# Torque specs for carbon steerer



## bung (Jul 7, 2004)

I have an 07 Tarmac Comp and I'd like to rearrange some of the spacers on the steerer. I never received the owners manual for my bike. Can anyone give me the torque numbers for the stem and seat binder? I'm a bit nervous about over torquing carbon.


----------



## Dr_John (Oct 11, 2005)

Here's where all the Specialized component/frame instructions are. Download what you need, and keep them handy:

http://www.specialized.com/bc/SBCDownloads.jsp


----------



## bung (Jul 7, 2004)

^^^ Thank you sir!


----------



## cooltool (Feb 24, 2007)

Be very careful when tightning the stem to the steerer. I managed to crack the steerer tube on 2 different Tarmac forks while following the torque specs that were sent with the bike. The torque recommendations listed on the sheet of paper (that came with my bike) and the link provided 2 posts above are wrong. They say to torque the stem to 75 in-ibf or no more than 90 in-ibf... If you do this, you are bound to crack a steerer. Follow the recommendations on the stem... 40 in-ibf or no more than 53-56 in-ibf. Make sure to tighten each bolt no more than 5-10 in-ibf at a time until you reach your desired setting. Also (Very important)... Make sure the plug inside the steerer is right in the center of where you are going to tighten your stem. This will insure even bolt torque. 

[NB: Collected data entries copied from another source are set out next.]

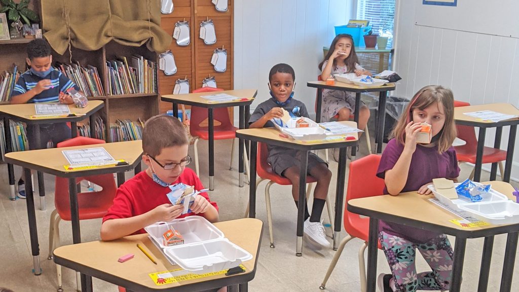 WINNSBORO – The school day was a little different for students at Midlands STEM Institute during their first day of the year on Monday. Pictured above, students eat boxed lunches at their desks.
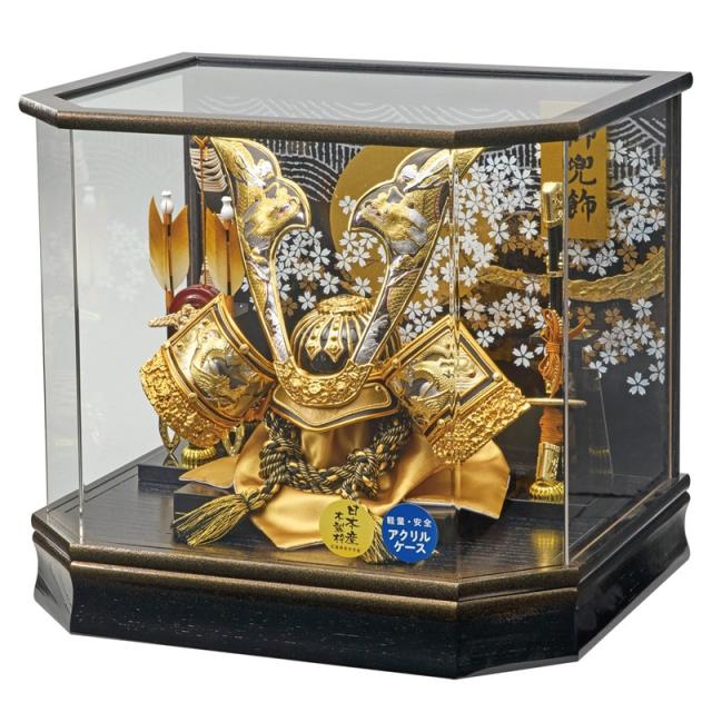 五月人形ケース飾り兜 嵯峨 盛上げ大鍬型の兜 幅43cm 六角パノラマアクリルケース ブラック255-711 端午の節句 子どもの日
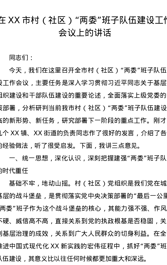 在XX市村(社区)“两委”班子队伍建设工作会议上的讲话
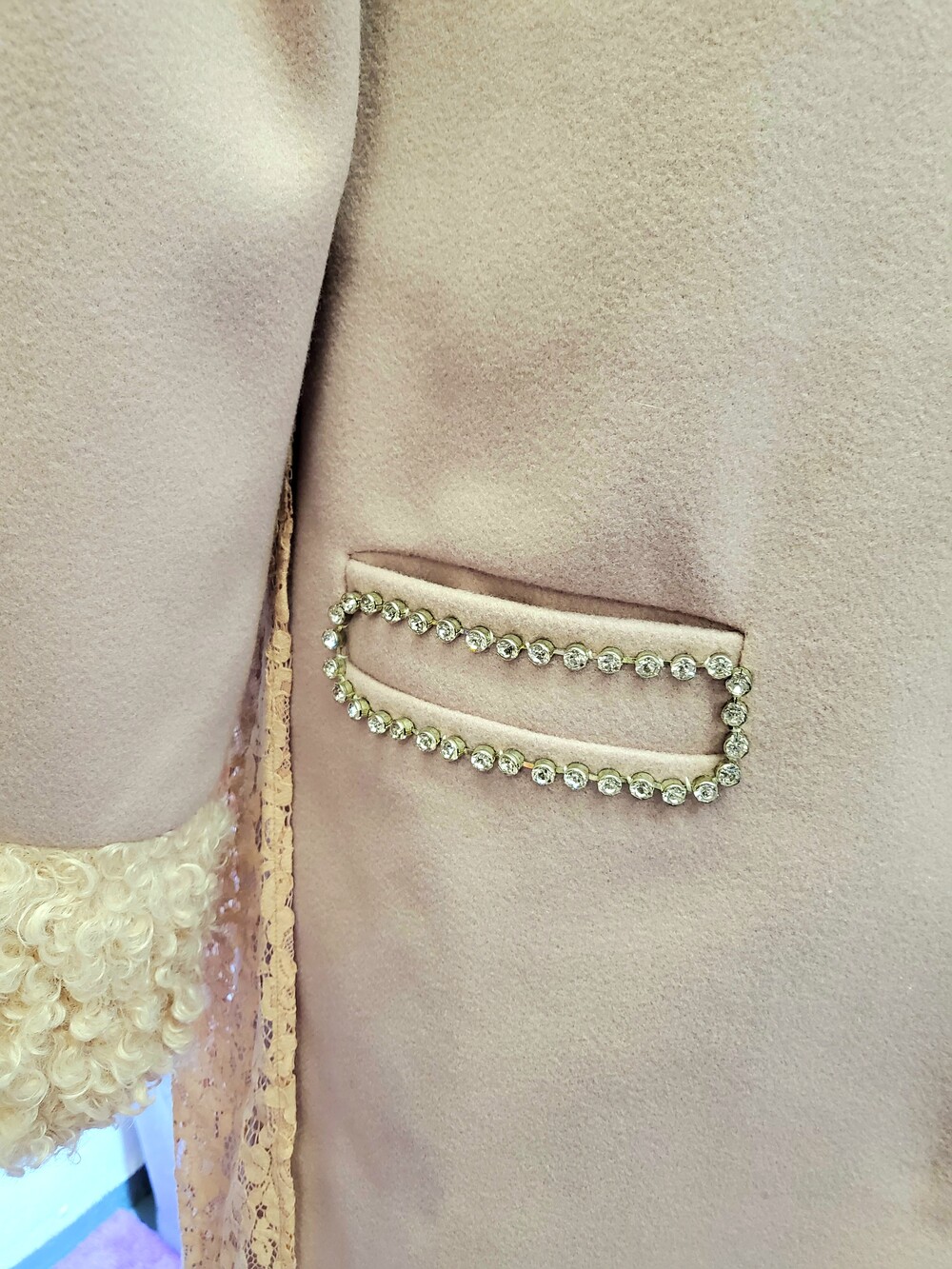 포켓부분의 큐빅 장식과 날개같이 드레시한
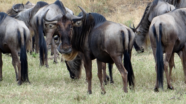 Después de desayunar continuamos con el safari, viendo grandes manadas de elefantes, jirafas, impalas, y cuando el conductor le pareció fuimos siguiendo la migración acercándonos al río donde los esperaban los cocodrilos, buitres y un montón de 4×4 con turistas, cuando parecía que iban a cruzar, llegaron varios 4×4 con turistas chinos, cruzando por medio de la migración y poniéndose justo delante cotandoles el paso, cosa que provocó que los ñus se asustaran y dieran media vuelta, al final conté 45 jeeps 4×4 amontonados al lado del río moviéndose para coger el mejor sitio, como los ñus se asustaron y dieron la vuelta, optamos por ir a comer, fue un poco deprimente ver lo que hacemos los turistas por una foto.
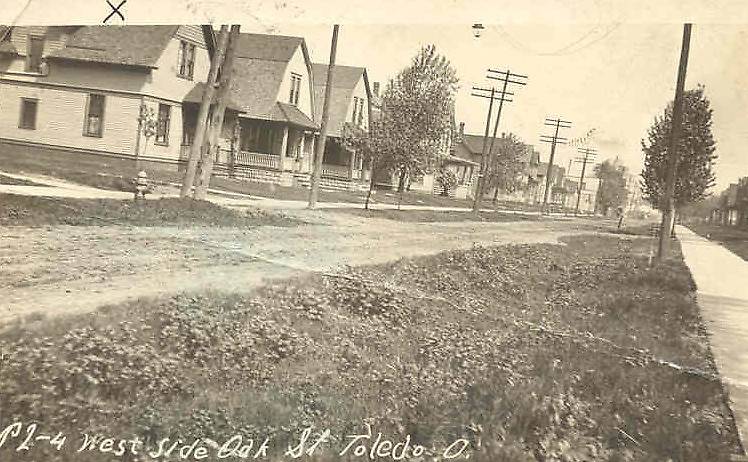 Perhaps these pole lines were being upgraded here? Or additional circuits were being added by the phone company that served this city upon a newer, sturdier telephone openwire lead? Also seen are some beautiful vintage homes built over a century ago with a nifty, smooth sidewalk (along the far right) with an enclosed-type arc street light visible in the extreme upper right-center of this image. |
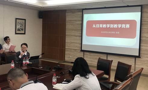 湖北省第七届青年教师教学竞赛一等奖获得者,文学院陈蓓老师以“从日常教学到教学竞赛”为题讲述日常教学与教学竞赛的关系。其从深入解读竞赛规则、全面优化日常教学、充分转化竞赛结果三部分展开,分析了日常教学与教学竞赛的异同点,认为教学竞赛需从选题、授课环节、课件设计、教学理念、教学方法五方面优化。同时,要促进日常教学、教学竞赛、教学教研的转化。
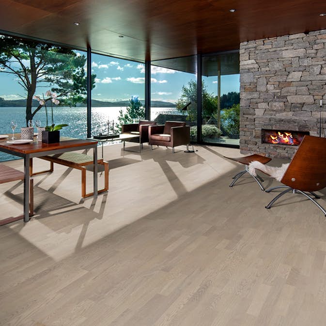 Trägolv Kährs Ek Twilight 3-Stav Ultramattlackad är ett golv med varm, exklusiv karaktär och behaglig ton i ek med 3-stav-mönster och en yta i ultramatt lack färgtonen: ljust, natur.
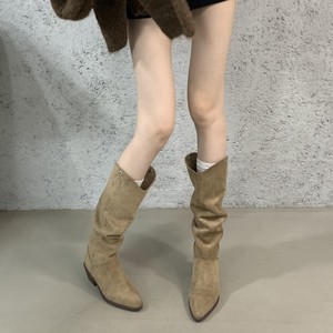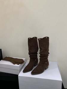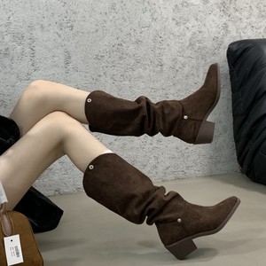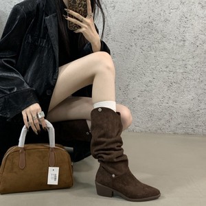 法式复古咖色堆堆靴西部牛仔靴2025秋高筒靴女靴子粗跟卡其色长靴
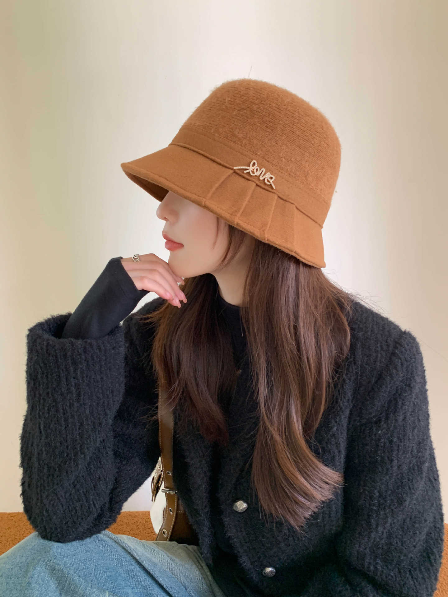 Sombrero de pescador cálido de moda de otoño e invierno para mujer, sombrero de cubo pequeño de red con cara roja, sombrero de lavabo de punto combinable de estilo coreano

My first steerer cracked when I was still about 10 in-ibf away from Specialized's recommended Minimum torque setting... Pretty scary. My second steerer didn't crack right away. Approx. 2-3 months after I had installed the replacement fork, I thought to myself... I'm just gonna check to make sure everythings still OK. Glade I did. There was a crack, about 5-6mm in length, beginning at the top of the steerer. Both of these happened while following the torque specs listed on Specializeds web site (& the paper sent with my bike). 

Again... Just be careful!!!


----------



## Ardent (Mar 25, 2007)

Just to add, you should ALWAYS check the torque requirements for BOTH components when mating two together, and use the lower, especially with carbon. 

It's the reason why the manual for the stem and most of their parts says explicitly, with a big warning triangle:



> Warning: Recommended torques in this guide are specific for this Specialized product. Consult the owner's manual for the mating component's recommended torque. Always use the lower torque recommendation


I'm sorry that happened to you.


----------